> **Brief**
Print all records exactly, pictures left out.

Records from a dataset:

*** Block opens ***

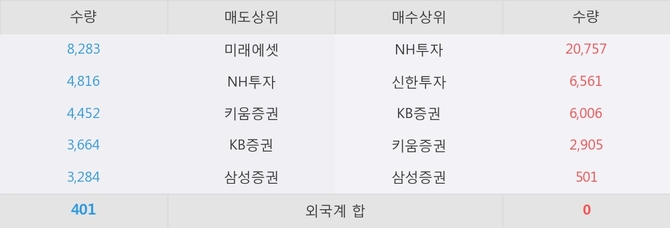 거래원 동향은 NH투자, 삼성증권 등이 매수 상위 목록에 나타나고 있다.
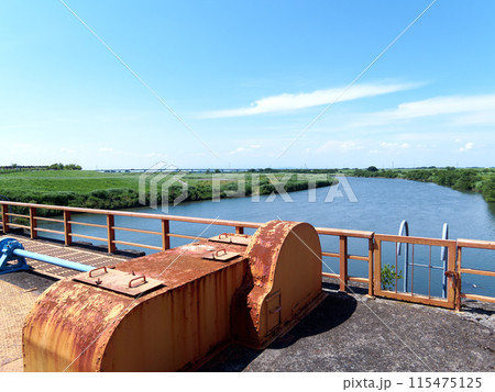 中の島公園連絡橋から関宿にこにこ水辺公園方面の風景
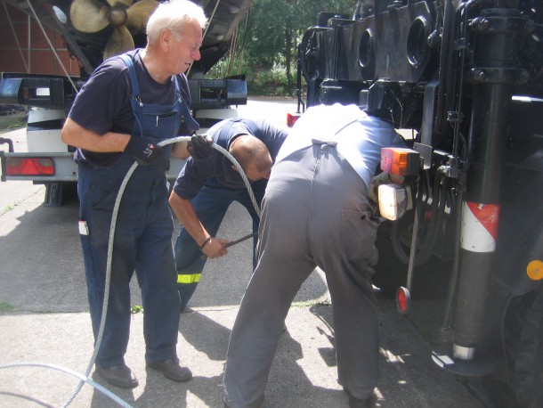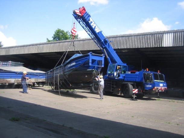 Für diese Arbeiten wurde uns von der Schule der Kran zur Verfügung gestellt. Hans-Heiner Hupe, Kranfachmann der Schule, kam am Nachmittag mit dem Kran und los ging es mit dem Transport der beiden Boote hin und her.
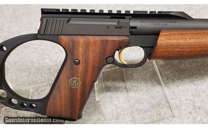 Description: Buck Mark Sporter Rifle Based on the popular and proven Buck Mark pistol, the Browning Buck Mark Rifle is one of the most unique rimfires ever produced. These nifty little rifles offer everything you need: dialed in ergonomics, fast handling and modern styling. Plus, like their namesake, the Buck Mark rifles provide outstanding accuracy, dependable blowback operation, a crisp single action trigger pull and magazines that are interchangeable throughout the Buck Mark line .22 Long Rifle SOLD Chambers: .22 LR Metal Condition: Like New Wood Condition: Like New Bore Condition: Like New Barrels: 18 Fore End: Like New Butt Pad: Like New Weight: 5lbs 15oz Item Location: Berlin |
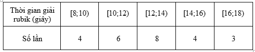 Dũng là học sinh rất giỏi chơi rubik, bạn có thể giải nhiều loai khối rubik khác nhau. Trong một lần tập luyện giải khối rubik \(3 \times 3\), bạn Dũng đã tự thống kê lại thời gian giải rubik trong 25 lần giái liên tiếp ở bảng sau:
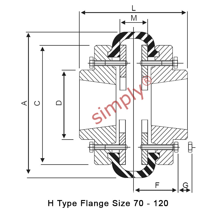 | H Type - Flange Face Spacing | = | 25mm |
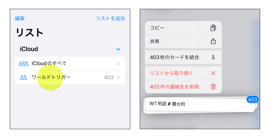 インポートデータはすべて連絡先アプリの「ワールドトリガー」というグループに入るようになっているので、そこから不要なものを削除してください。
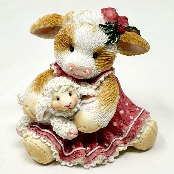 vintage 1994 Mary Meyer Holiday Christmas Cow Figurine Mooey Christmas To Ewe. In good preowned condition, no flaws. Cute white & brown girl cow in red dress, holding a white baby sheep. Super cute! Great to add to collection, or as a replacement piece. Or for anyone who likes cows! Measures approximately 3.5”.
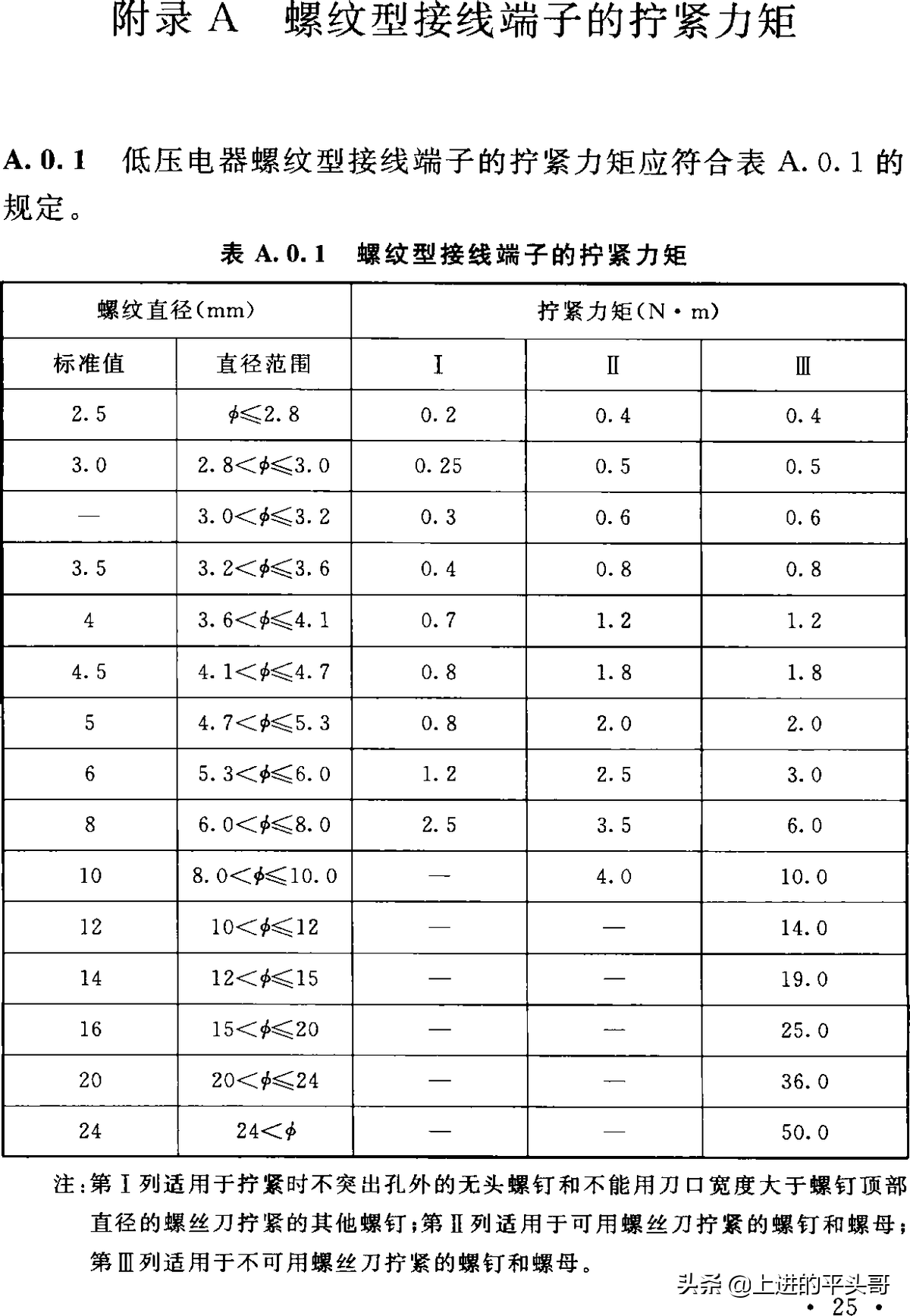 7.增加了“附录A 螺纹型接线端子的拧紧力矩”,“附录马接
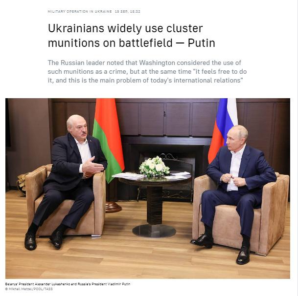 中新網(wǎng)9月15日電 據(jù)塔斯社報(bào)道,當(dāng)?shù)貢r(shí)間15日,俄羅斯總統(tǒng)普京在索契會(huì)見(jiàn)白俄羅斯總統(tǒng)盧卡申科時(shí)向記者表示,烏克蘭正在廣泛地使用集束彈藥。他還對(duì)為烏克蘭提供集束彈藥的美國(guó)做出評(píng)論。
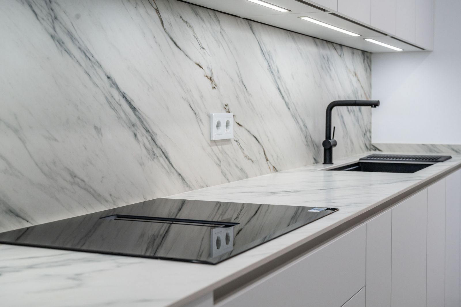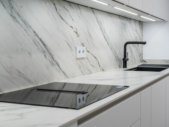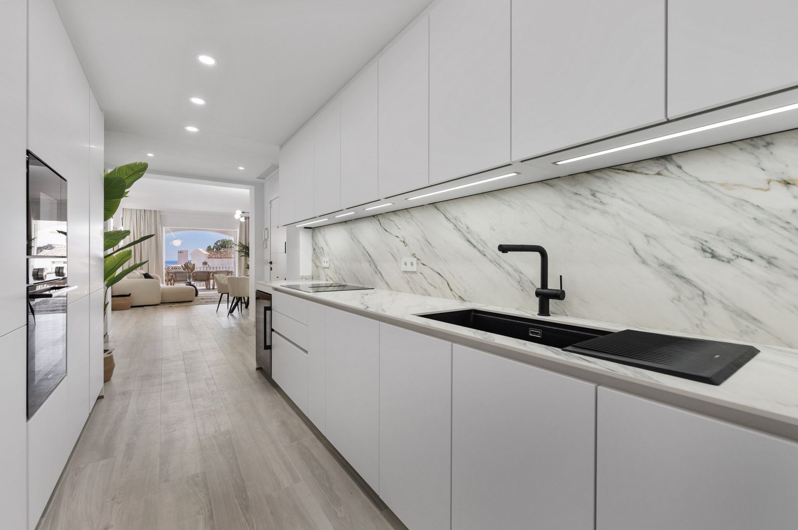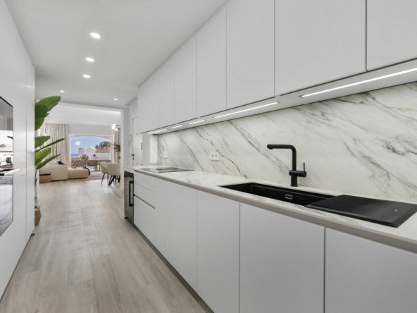 The property features a modern open-plan living area with a spacious kitchen, flowing onto a terrace with views towards the Mediterranean. The front-facing bedrooms enjoy clear sea views, while the rear bedroom overlooks the golf course, giving each space its own distinct outlook.
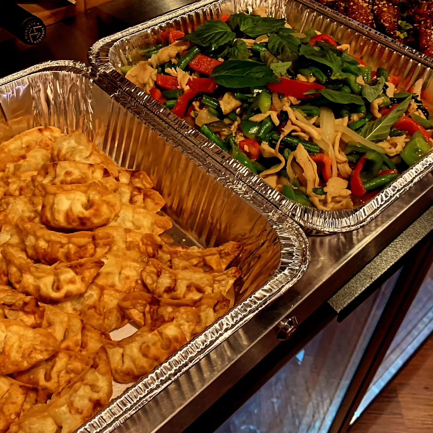 Among the crowd favorites are the Thai Garlic Wings, crispy and packed with flavor, and the Crab Rangoon, a creamy, indulgent starter. Chicken Satay skewers are also a must-try, served with a rich peanut sauce that’s made in-house.

*** Block closes ***

> **Output below**
 거래원 동향은 NH투자, 삼성증권 등이 매수 상위 목록에 나타나고 있다.
 中の島公園連絡橋から関宿にこにこ水辺公園方面の風景
 Für diese Arbeiten wurde uns von der Schule der Kran zur Verfügung gestellt. Hans-Heiner Hupe, Kranfachmann der Schule, kam am Nachmittag mit dem Kran und los ging es mit dem Transport der beiden Boote hin und her.
 Description: Buck Mark Sporter Rifle Based on the popular and proven Buck Mark pistol, the Browning Buck Mark Rifle is one of the most unique rimfires ever produced. These nifty little rifles offer everything you need: dialed in ergonomics, fast handling and modern styling. Plus, like their namesake, the Buck Mark rifles provide outstanding accuracy, dependable blowback operation, a crisp single action trigger pull and magazines that are interchangeable throughout the Buck Mark line .22 Long Rifle SOLD Chambers: .22 LR Metal Condition: Like New Wood Condition: Like New Bore Condition: Like New Barrels: 18 Fore End: Like New Butt Pad: Like New Weight: 5lbs 15oz Item Location: Berlin |
 Dũng là học sinh rất giỏi chơi rubik, bạn có thể giải nhiều loai khối rubik khác nhau. Trong một lần tập luyện giải khối rubik \(3 \times 3\), bạn Dũng đã tự thống kê lại thời gian giải rubik trong 25 lần giái liên tiếp ở bảng sau:
 | H Type - Flange Face Spacing | = | 25mm |
 インポートデータはすべて連絡先アプリの「ワールドトリガー」というグループに入るようになっているので、そこから不要なものを削除してください。
 vintage 1994 Mary Meyer Holiday Christmas Cow Figurine Mooey Christmas To Ewe. In good preowned condition, no flaws. Cute white & brown girl cow in red dress, holding a white baby sheep. Super cute! Great to add to collection, or as a replacement piece. Or for anyone who likes cows! Measures approximately 3.5”.
 7.增加了“附录A 螺纹型接线端子的拧紧力矩”,“附录马接
 中新網(wǎng)9月15日電 據(jù)塔斯社報(bào)道,當(dāng)?shù)貢r(shí)間15日,俄羅斯總統(tǒng)普京在索契會(huì)見(jiàn)白俄羅斯總統(tǒng)盧卡申科時(shí)向記者表示,烏克蘭正在廣泛地使用集束彈藥。他還對(duì)為烏克蘭提供集束彈藥的美國(guó)做出評(píng)論。
 The property features a modern open-plan living area with a spacious kitchen, flowing onto a terrace with views towards the Mediterranean. The front-facing bedrooms enjoy clear sea views, while the rear bedroom overlooks the golf course, giving each space its own distinct outlook.
 Among the crowd favorites are the Thai Garlic Wings, crispy and packed with flavor, and the Crab Rangoon, a creamy, indulgent starter. Chicken Satay skewers are also a must-try, served with a rich peanut sauce that’s made in-house.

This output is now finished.